Key Evidence [edit | edit source]
Amadeo Robotic System by Tyromotion [edit | edit source]
The Amadeo Robotic System by Tyromotion is an end-effector based system that has five degrees of freedom and provides the motion of one or all five fingers through a passive rotational joint placed between the fingertip and an entity that moves laterally (the thumb has two passive rotational joints). All five translational degrees of freedom are independent and provide an almost entire coverage of the fingers’ workspace. The interface between the human hand and the machine is achieved thanks to elastic bands or plasters and the wrist is restrained from movement by a Velcro strap. (REFERENCE)
Acute- Stroke: [edit | edit source]
A randomized control trial conducted on acute stroke patients looked at the effectiveness robot- assisted hand therapy using a device the Amadeo Robotic System by Tyromotion.

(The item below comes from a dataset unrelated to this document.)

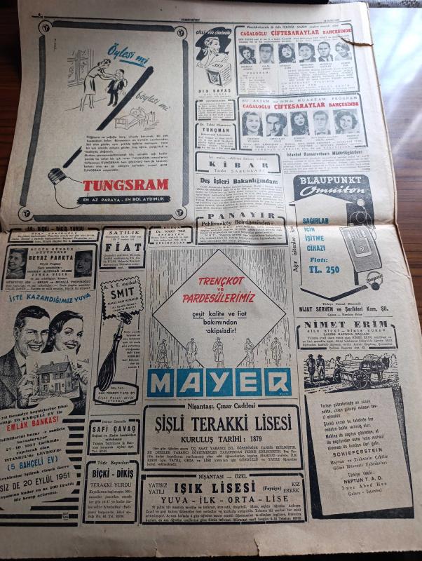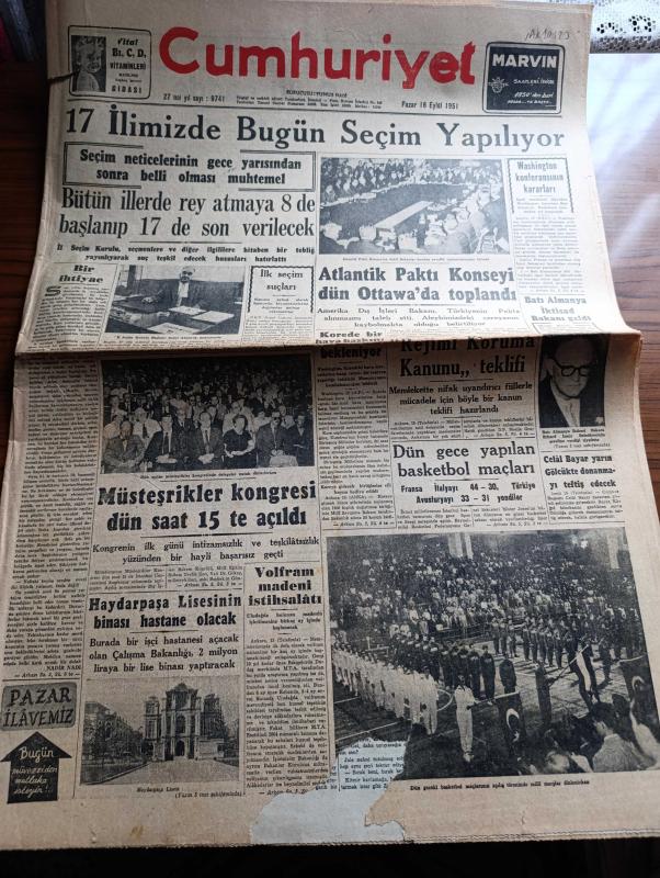 Cumhuriyet Gazetesi - 16 Eylül 1951 - Bir İhtiyaç Yazan Nadir Nadi Köşe Yazısı - 17 İlimizde Bugün Seçim Yapılıyor - Bütün İllerde Rey Atmaya 8 De Başlanıp 17 De Son Verilecek - İlk Seçim Suçları - Müsteşrikler Kongresi Dün Saat 15 te Açıldı fotoğraf - Haydarpaşa Lisesinin Binası Hastane Olacak - Atlantik Paktı Konseyi Dün Ottowa'da Toplandı fotoğraf - Batı Almanya İktisat Bakanı Erhard Geldi - Dün Gece Yapılan Basketbol Maçlarının açılış töreni fotoğraf - Türkiye Avusturyayı 33 31 Yendiler - Haftanın Şakaları Yazan Burhan Felek - O İki Cadde Yazan Falih Rıfkı Atay - Rüyalar Evi Yazan Peride Celal Yazı Dizisi - Romanya'daki Türk Azınlığı Tehcir Ediliyor - Arab Birliği Ve Türkiye - Komünistlik Propagandası Yapan Rupen Girgeç Yakalandı - Charlie Chaplin'in Eski Yatı İstanbula Geldi - Beşiktaş Enosis'le Fenerbahçe Dörtler Muhteliti İle Karşılaşacaklar - Venedik Tenis Turnuvası - Sabite Tur Perihan Sözeri Abdullah Yüce Hamiyet Yüceses Cağaloğlu çiftesaraylar bahçesinde adlı eser, Kitap > Süreli Yayınlar > Gazeteler > Türkiye > Genel > Günlük kategorisinde İkinci El olarak satıştadır.

The Amadeo treatment composed of 1) continuous passive therapy 2) assisted movement therapy 3) balloon training (active training in a virtual environment by carrying out target oriented tasks) (REFERENCE). Comparable to traditional Occupational Therapy methods, patients within the robotic therapy group made significant improvements in Fugl-Meyer Scale (FM), and Box and Block Test (BB) at the end of treatment (4/5 weeks) and maintained improvements after a 3-month follow-up. This result is very important because the gain achieved is not exercise or time dependent, but could be secondary to reorganization of brain structures (REFERENCE).